In this technology, I am primarily attracted by reliability. Any device in which electronics and moving parts, like in an HDD, or only electronics, like in SSDs and flash cards, has an unpleasant property to burn out unexpectedly. And HDD is not recommended to drop. To disable a DVD, you need to try very hard, for example, put a hot kettle on it for a long timeiron. But even the loss of one DVD-ROM is not the loss of the entire collection, as it can be if the archive is stored on an external hard drive. Despite the fact that the price of a hard drive for archiving may be lower than the price of blanks of the same total capacity, the reliability of blanks pays for it.

It is believed that the Internet and cloud technologies will soon completely solve the problems of data storage. Unfortunately, while the speed of accessing data on the Internet is situational, but often, it is unexpectedly low, despite the good network connection settings. And using a local archive is often faster than re-downloading from a remote link. In addition, it is not possible to enter twice on the same Internet. For example, I posted publications and programs on the websites of some well-known companies. Then they were suddenly removed and, if I did not have copies, I would have lost them. Remembering this, I, as I see an interesting publication or program, I immediately download it, knowing from my own experience that tomorrow it may not be there. This explains the additional consumption of space on local drives.

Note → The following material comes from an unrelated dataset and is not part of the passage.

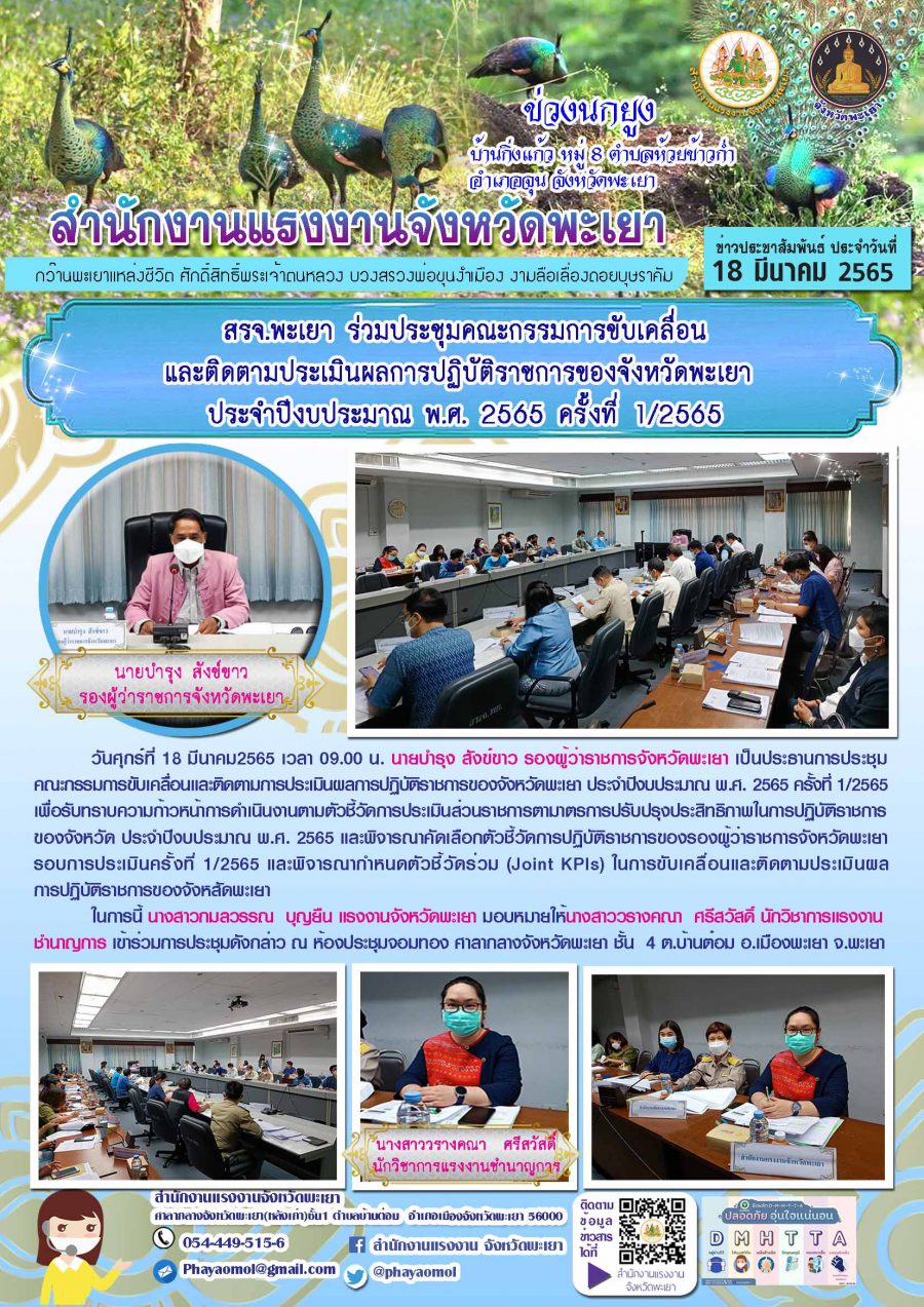 สรจ.พะเยา ร่วมประชุมคณะกรรมการขับเคลื่อนและติดตามประเมินผลการปฏิบัติราชการของจังหวัดพะเยา ประจำปีงบประมาณ พ.ศ. 2565 ครั้งที่ 1/2565

An important advantage, in my opinion, is mobility. I have a computer in the room, and a TV in the kitchen. I can watch a movie on a computer from a disk, but I can through a TV and a cheap player. Here, of course, everyone has different preferences - many prefer to carry a laptop with them. In my opinion, a stationary desktop is more convenient for a home. New OS also prefer to download to DVD. The other day, for example, I downloaded the new version of Fedora Live CD. If I find myself cut off from the Internet due to the fact that the OS is covered, then the Live CD will help restore or reinstall the system. You can load / install the system from a flash drive, but a flash card is more expensive and, as already noted, less reliable. I’m used to dumping systems and drafts on DVD so that I don’t get confused on the hard drive, I just throw the discs out of date, but this is probably a matter of habit.